Task instructions ▸
Take the lines below from the one with "Le plug-in propose cinq" through the one with "Excelente y elegante" and retype them exactly. Include nothing else, and no pictures.

------ Supplied records ------

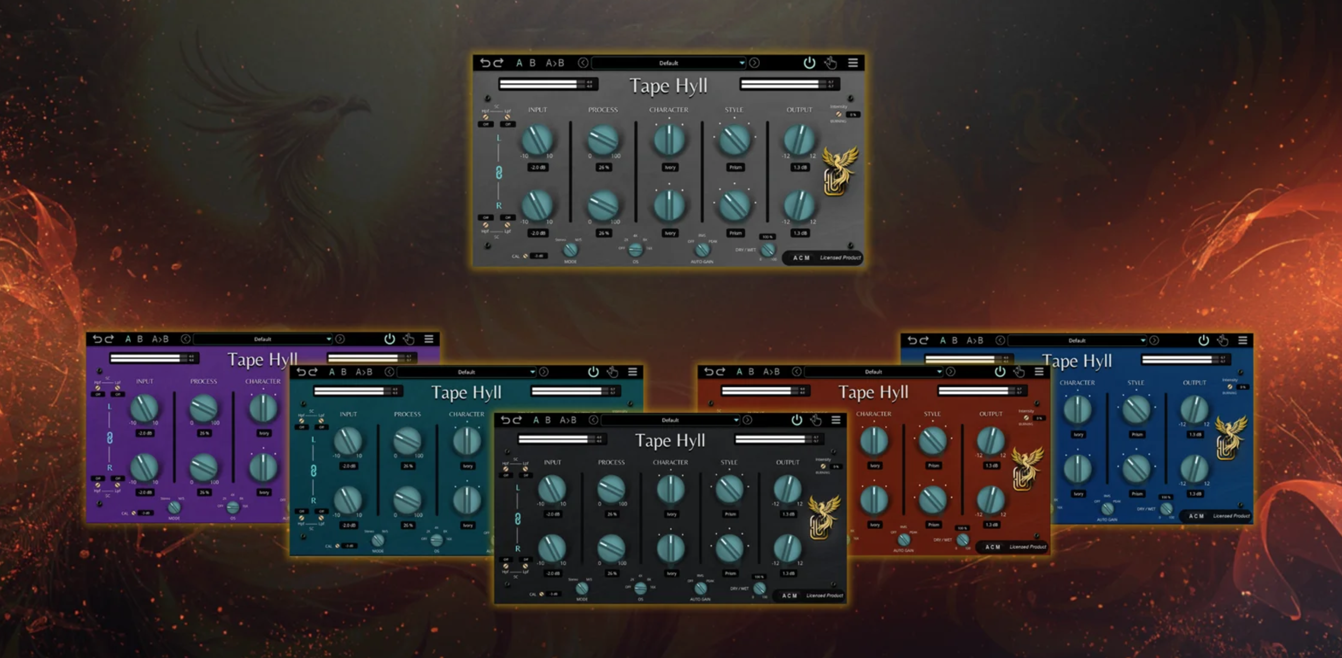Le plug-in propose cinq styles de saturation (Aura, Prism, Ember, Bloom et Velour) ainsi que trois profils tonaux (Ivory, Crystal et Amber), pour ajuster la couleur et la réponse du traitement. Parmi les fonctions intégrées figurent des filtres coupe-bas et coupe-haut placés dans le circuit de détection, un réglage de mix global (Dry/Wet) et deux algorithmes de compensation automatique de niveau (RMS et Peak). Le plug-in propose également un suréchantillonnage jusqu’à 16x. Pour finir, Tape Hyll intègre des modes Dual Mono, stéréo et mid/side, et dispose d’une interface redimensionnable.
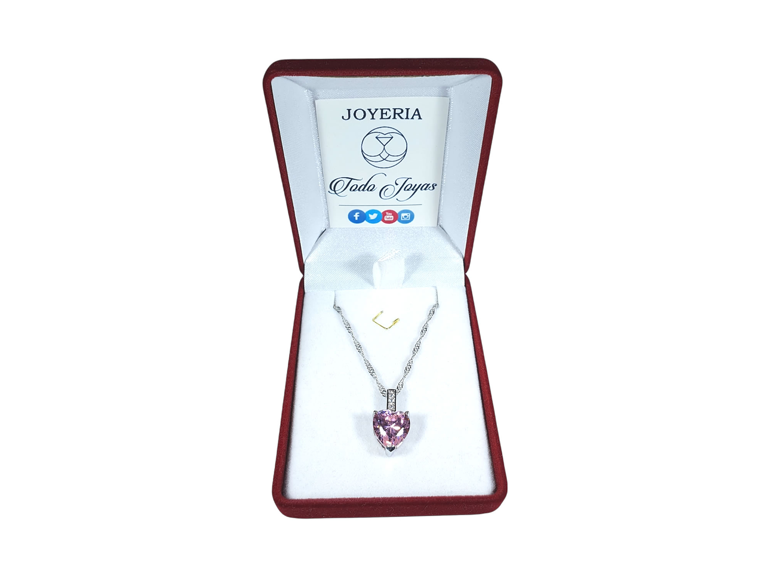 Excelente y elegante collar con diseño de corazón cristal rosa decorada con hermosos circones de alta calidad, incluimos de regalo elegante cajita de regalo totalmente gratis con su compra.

------
------ Supplied records ------

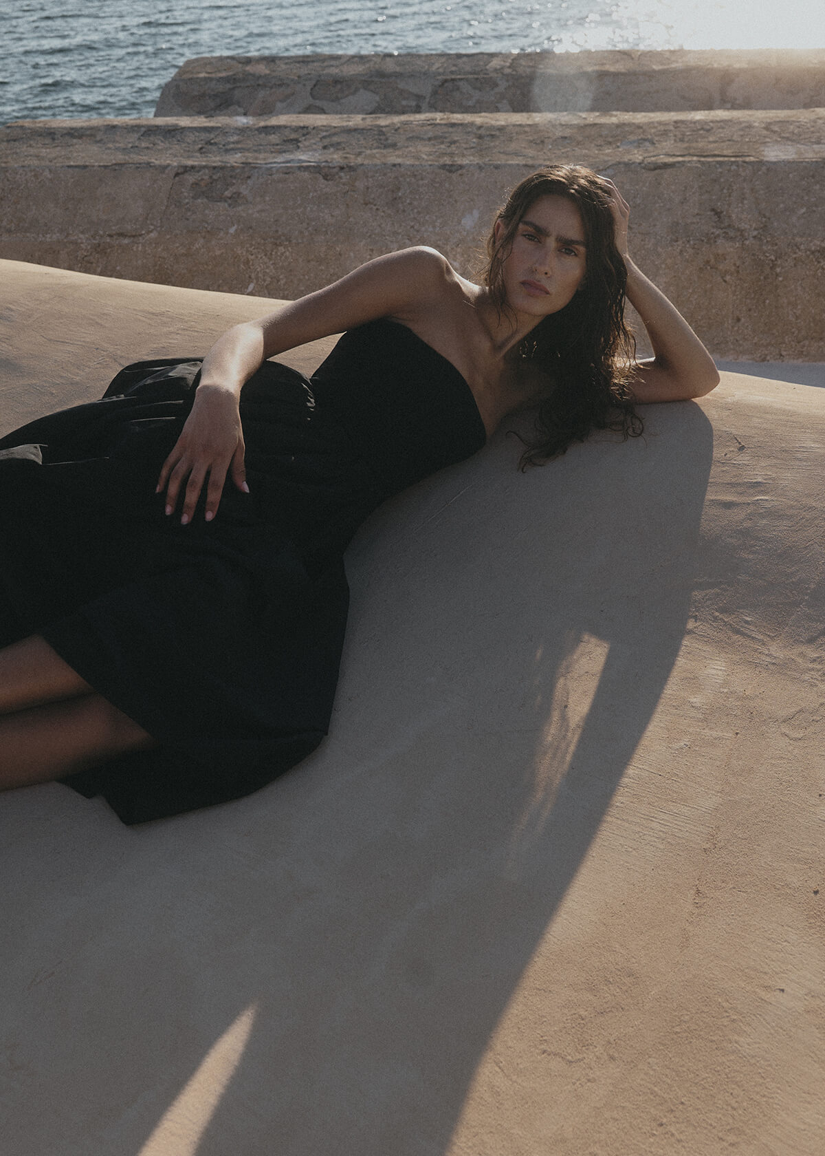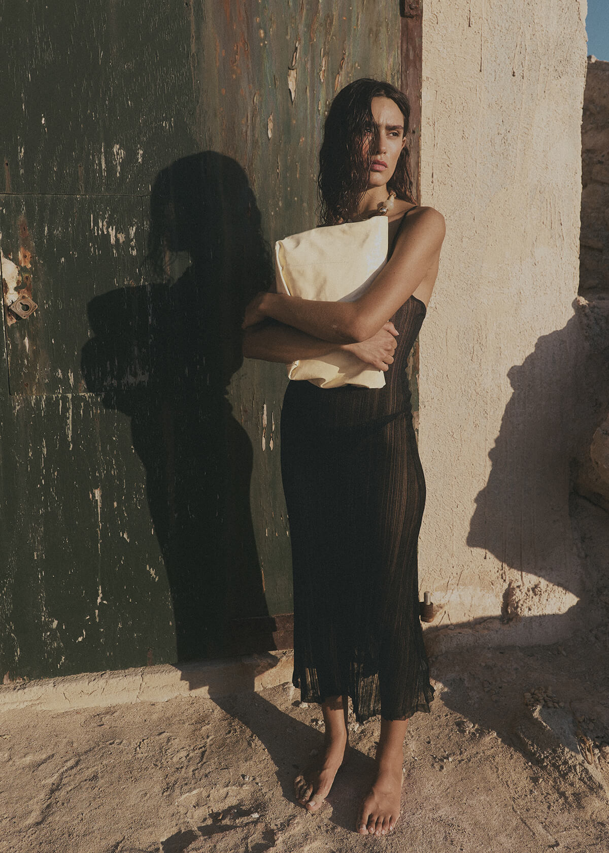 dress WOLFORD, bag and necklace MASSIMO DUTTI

------

Response to the task ▸
Le plug-in propose cinq styles de saturation (Aura, Prism, Ember, Bloom et Velour) ainsi que trois profils tonaux (Ivory, Crystal et Amber), pour ajuster la couleur et la réponse du traitement. Parmi les fonctions intégrées figurent des filtres coupe-bas et coupe-haut placés dans le circuit de détection, un réglage de mix global (Dry/Wet) et deux algorithmes de compensation automatique de niveau (RMS et Peak). Le plug-in propose également un suréchantillonnage jusqu’à 16x. Pour finir, Tape Hyll intègre des modes Dual Mono, stéréo et mid/side, et dispose d’une interface redimensionnable.
 Excelente y elegante collar con diseño de corazón cristal rosa decorada con hermosos circones de alta calidad, incluimos de regalo elegante cajita de regalo totalmente gratis con su compra.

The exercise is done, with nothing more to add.